> _What you should do_: All of the data that follows should be given again exactly, without its images.

> _Supplied information_:
■ ■ ■ ■

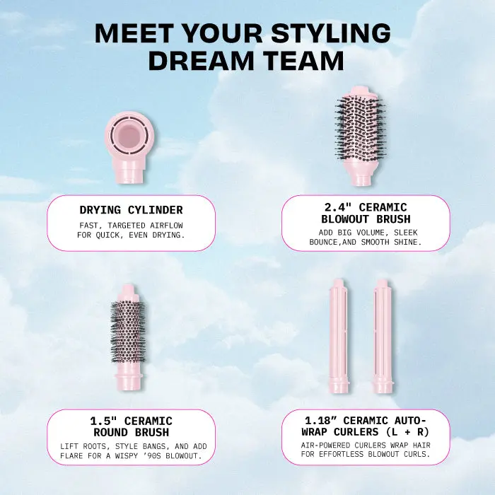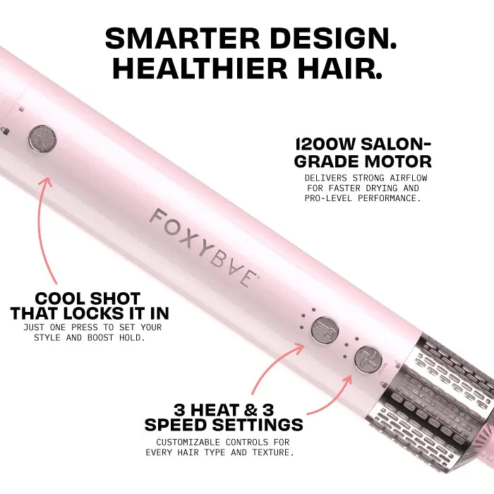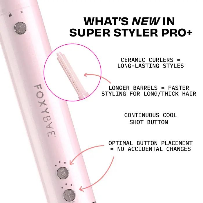 Meet the Super Styler Pro+ — your upgraded 5-in-1 multitasker that dries, curls, volumizes, smooths, and slays — all with less damage and way more staying power. Now sleeker and slimmer (hello shimmer), this styling powerhouse features salon-strength airflow, a continuous cool shot, and longer ceramic-coated auto-wrap barrels for even smoother, longer-lasting styles. Whether you’re going for a sleek, voluminous finish or full-glam bounce, it’s your all-in-one secret to styling smarter, not harder.
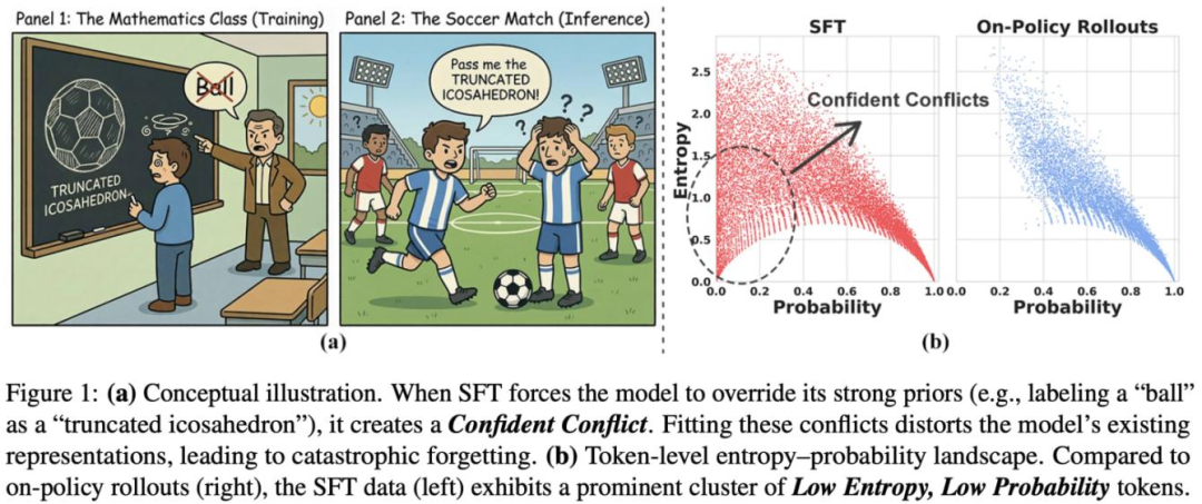 “强化学习与模型内部信念保持一致,而监督微调则强迫模型拟合外部监督信号。这种不匹配常表现为置信冲突—— 即低概率、低熵的词元。”—— 引自 [6]
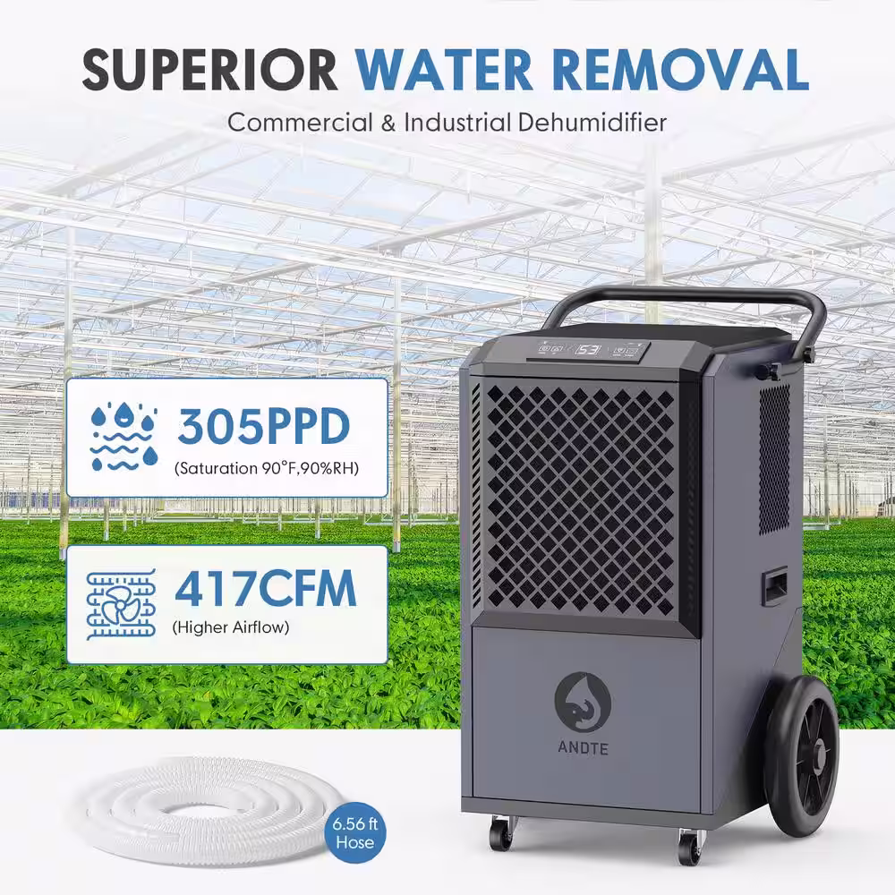 JEREMY CASS 305 pt. 9,000 sq.ft. Bucketless Commercial and Industrial Dehumidifier in Black, NEMA 5-20 Receptacle

■ ■ ■ ■

> _Answer_:
 Meet the Super Styler Pro+ — your upgraded 5-in-1 multitasker that dries, curls, volumizes, smooths, and slays — all with less damage and way more staying power. Now sleeker and slimmer (hello shimmer), this styling powerhouse features salon-strength airflow, a continuous cool shot, and longer ceramic-coated auto-wrap barrels for even smoother, longer-lasting styles. Whether you’re going for a sleek, voluminous finish or full-glam bounce, it’s your all-in-one secret to styling smarter, not harder.
 “强化学习与模型内部信念保持一致,而监督微调则强迫模型拟合外部监督信号。这种不匹配常表现为置信冲突—— 即低概率、低熵的词元。”—— 引自 [6]
 JEREMY CASS 305 pt. 9,000 sq.ft. Bucketless Commercial and Industrial Dehumidifier in Black, NEMA 5-20 Receptacle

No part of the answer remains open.